IHC staining and INSM1 histochemical score determination

IHC stains for synaptophysin (1:20; 790–4407, Roche), chromogranin (1:50; 760–2519, Roche) and INSM1 (1:1,000; sc-271408, Santa Cruz), were performed at National Institutes of Health (NIH), laboratory of Pathology, according to manufacturer’s instruction. IHC-stained slides were scanned using the 40X magnification of NanoZoomer S360 Hamamatsu slide scanner. INSM1 H-score was calculated based on the equation: 1 x (% of weakly stained nuclei) + 2 x (% of moderately stained nuclei) + 3 x (% of strongly stained nuclei).

Hematoxylin and eosin (H&E) staining and neuroendocrine features

H&E staining was done using standard protocols85. Neuroendocrine features morphologically were assessed by a pathologist who was blinded to the results of the neuroendocrine score and were estimated based on nuclear features as well described albeit in cell lines data sets with “classical” morphology as cells with dense chromatin and absence of a conspicuous nucleoli and “variant” morphology as cells with relatively larger size, clear chromatin, and a conspicuous nucleoli86.
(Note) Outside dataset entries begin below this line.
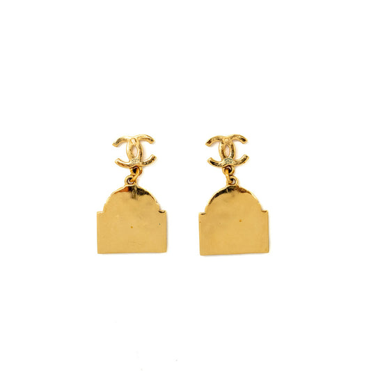Chanel CC Logo Rue Cambon Drop Earrings Gold Tone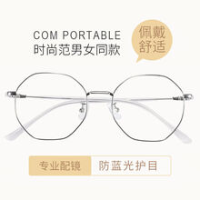 槿城眼镜女防蓝光防辐射护目平光网红ins显脸小男款多边形眼镜框无度数有镜片 银色 防蓝光
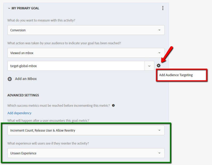 4. Add the audience as an additional Audience Targeting rule to the mbox in the conversion metric. See screen-shot below.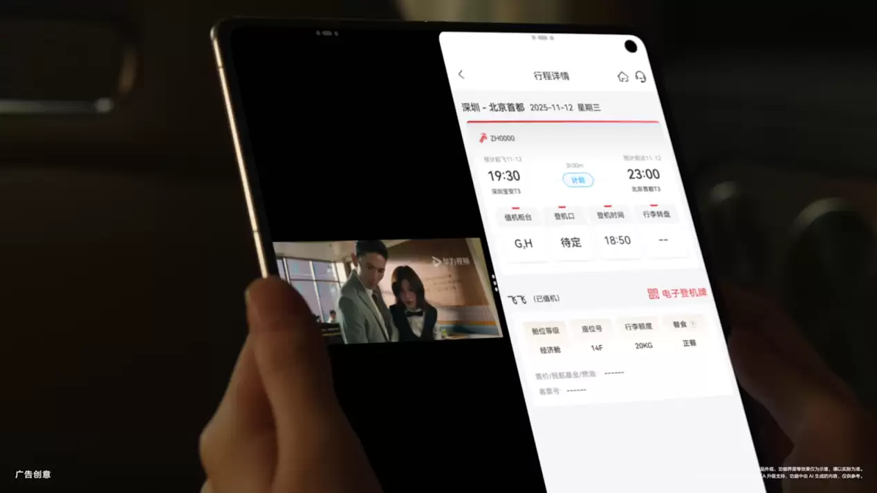 折叠大屏的形态创新,还为这些功能体验提供了最佳载体。在AI体验视频中展示的分屏场景,生动演绎了多任务处理的未来形态。华为Mate X7还深度适配了大屏布局,小艺智能体可以在大屏分屏呈现更丰富的信息,实现更高效的多任务处理,为用户带来前所未有的生产效率提升。

CD3+staining and tumor infiltrating lymphocyte (TIL) calculation

IHC staining for CD3 (pre-diluted; 790–4341, Roche) was done on multiple tissue sections of SCNC cases. IHC-stained slides were scanned using the 40X magnification of NanoZoomer S360 Hamamatsu slide scanner. TIL were calculated in the intratumoral areas based on previously mentioned consensus guidelines87 and were objectively assessed using QuPath – an open-source platform for digital pathology imaging analysis88 and using previously validated settings for melanoma89. Quality control of cell segmentation was performed by a pathologist. CD3 + TIL were counted per tumor area millimeter-square and converted into logarithm (base 10) for further correlation studies.

Clinical benefit rate at 3 months

The clinical benefit rate was defined as the percentage of patients who achieved a best overall response of complete response or partial response or stable disease (including unconfirmed partial response) for at least 3 months after start of treatment, according to Response Evaluation Criteria in Solid Tumors (RECIST) v1.1.

Statistical methods

R studio version 1.3.1093 (R Foundation for Statistical Computing), GraphPad Prism version 8.1.2 (GraphPad Software), STATA software version 16.0 (Stata-Corp), and Qlucore Omics Explorer version 3.6(2.2) (Qlucore AB) were used to generate figures and statistical analyses. All tests were two-tailed and p-values less than 0.05 were considered significant.

Reporting summary

Further information on research design is available in the Nature Research Reporting Summary linked to this article.